Correction: A previous version of this column incorrectly stated that the pilot project could be run continuously. The project has a set timeframe running from Jan. 5 through Feb. 28.
The city of Eugene’s largest source of climate-warming emissions isn’t a factory or power plant. It’s the methane gas boilers on the University of Oregon campus. And after a new surprise agreement with our public electric utility, Eugene Water & Electric Board, this pollution could get even worse.
It’s a striking contradiction: UO, a public university with one of the best environmental programs in the country, teaches thousands of students every year about the catastrophic impacts of climate change — in classrooms heated by the city’s largest source of climate pollution. How could the university that taught us about climate impacts be so slow to act on its own emissions?
In 2017, students with the Climate Justice League formed the CAP the Carbon Campaign to push UO officials to come up with plans to reach its goal of carbon neutrality by 2050 by, in part, replacing the polluting gas boilers with more efficient electric alternatives. Initially resistant, UO administrators eventually agreed to update its Climate Action Plan and commit to a feasibility study on “low carbon heating.”
By 2022, the university launched a Thermal Task Force with administrators, faculty experts and community members, looking at the results of the study and considering the options to transition the system off of fossil fuels. There was overwhelming community support for the transition, which included dozens of organizations and elected officials.
In the spring of 2024, after multiple years of deliberation and stakeholder conversations, and with widespread community support for decarbonization, the task force provided a final recommendation to the UO Board of Trustees to move forward with the replacement of one of the gas boilers with a carbon-free alternative.
And then: Nothing happened.
Despite all the advocacy of the community, the technical work of university staff and the time spent studying the various options by the Thermal Task Force, the university took no action and the boilers kept polluting.
Then, just a few weeks ago, students discovered that the UO had entered into a “pilot project” with EWEB to turn on a largely unused additional gas turbine, in order to sell fossil fuel-generated electricity to the utility. This pilot project was initiated by both public entities with barely any notice provided to students, ratepayers or the community at large, and no opportunity for public comment. And to make things worse, the project’s effects on climate and air pollution are huge.
The generator would increase its fossil fuel use by 65 percent if the boilers were run regularly. With the current emissions of the boiler facilities at over 20,000 metric tons of CO2 equivalent a year, we could assume that these emissions would exceed 30,000 tons under that scenario, the equivalent of the emissions of 6,998 gasoline-powered passenger vehicles driven for one year.
Beyond climate pollution, the pilot will also significantly increase the already significant air pollution emitted by the boiler facility, as burning methane gas releases toxic byproducts into the air, including particulates (PM2.5) and nitrogen oxides (NOx) and has significant impacts on public health. According to the EPA CO-Benefits Risk Assessment Health Impacts Screening and Mapping Tool, using pollution data provided by Lane Regional Air Protection Agency, business-as-usual use of the boilers generates over 14 tons of health-harming nitrogen oxides pollution annually, and costs Lane County an average of $190,000 per year in public health impacts. If we assumed a rough increase in air pollution parallel to the proposed pilot’s 65% increase in fossil fuels used at the facility were it run continuously, the air pollution costs would increase to $313,500 annually.

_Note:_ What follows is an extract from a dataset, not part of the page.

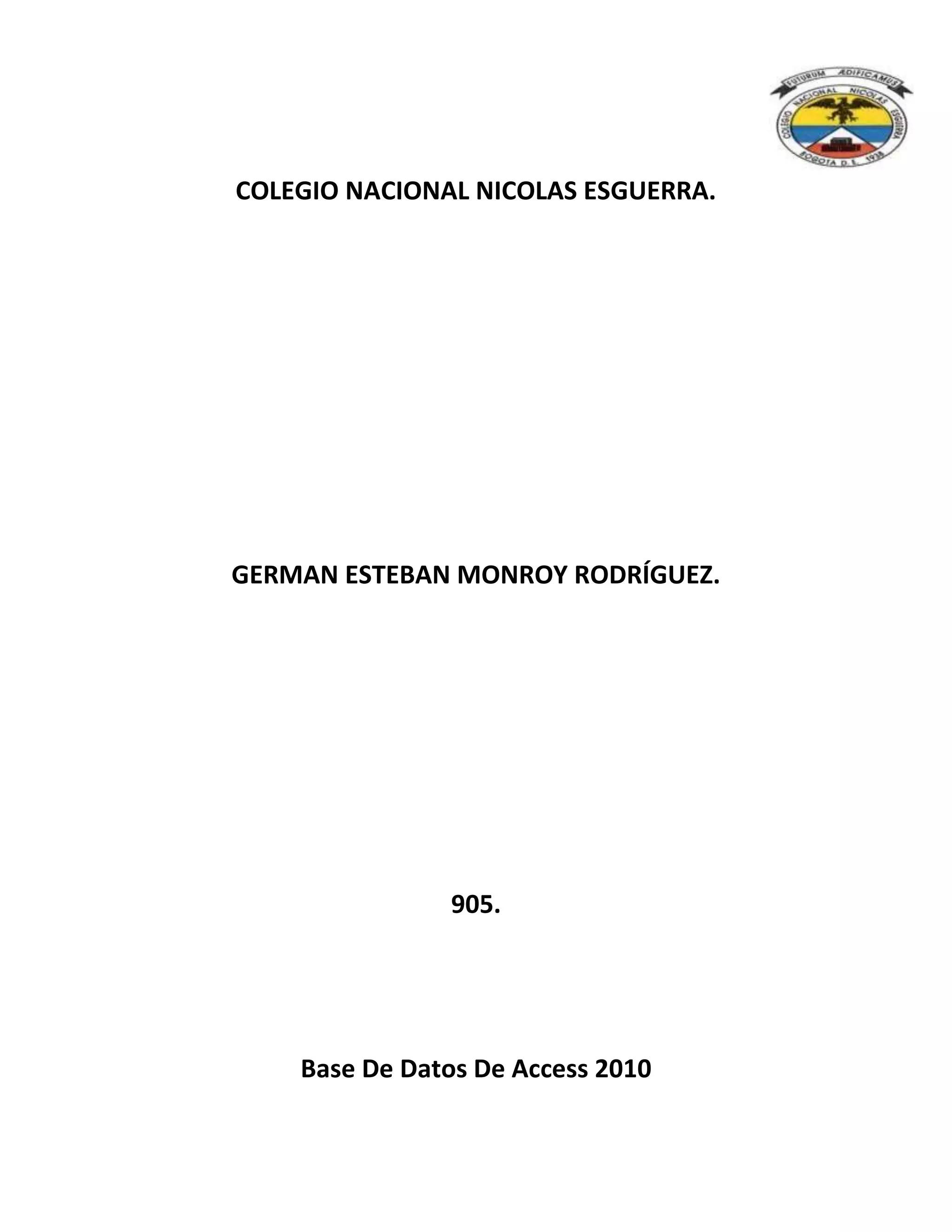 Este documento describe los pasos para crear una base de datos en Access 2010 para un negocio de instrumentos musicales llamado Instrumentos Monroy. Incluye instrucciones para crear 4 tablas - una para la información de contacto de la empresa, otra para los empleados, otra para los productos y otra para los gastos. Detalla cómo nombrar y diseñar cada tabla y llenarla con datos.

This pilot not only pollutes our air and contradicts past UO climate plans, it conflicts with the city of Eugene’s Climate Recovery Ordinance, which calls for a 50% reduction in communitywide fossil fuel use by 2030, and EWEB’s Strategic Direction Policy 15, which sets a goal of 95% of the electricity the utility provides coming from carbon-free sources by 2030.
While EWEB claims that this project is necessary to avoid “rolling blackouts” and to address a projected power gap, there is nothing in their regional report that supports the claim. In their own recent press release, EWEB acknowledges that using low-cost hydropower is helping keep up reliability better than methane gas can. And to add insult to injury, a recent analysis by Gridlab found that many of the assumptions about increased energy demand in the northwest that EWEB is relying on to justify this project are overhyped and not supported by the data.
So instead of reducing energy demand by using more efficient technology and cleaning up local pollution, UO and EWEB have unilaterally decided to disregard close to a decade of community engagement, research and advocacy in order to massively ramp up fossil fuel use in our town — climate goals be damned — with a complete lack of accountability to the public and with no logical justification.
We are calling on the EWEB Board and the UO Board of Trustees to immediately cancel this pilot project. As our community directly experiences the impacts of the climate crisis, steps must be taken now to implement the recommendations of the UO’s own Thermal Task Force to begin UO’s transition off of fossil fuels, and to work with students, alumni, faculty and community groups to build the clean energy future.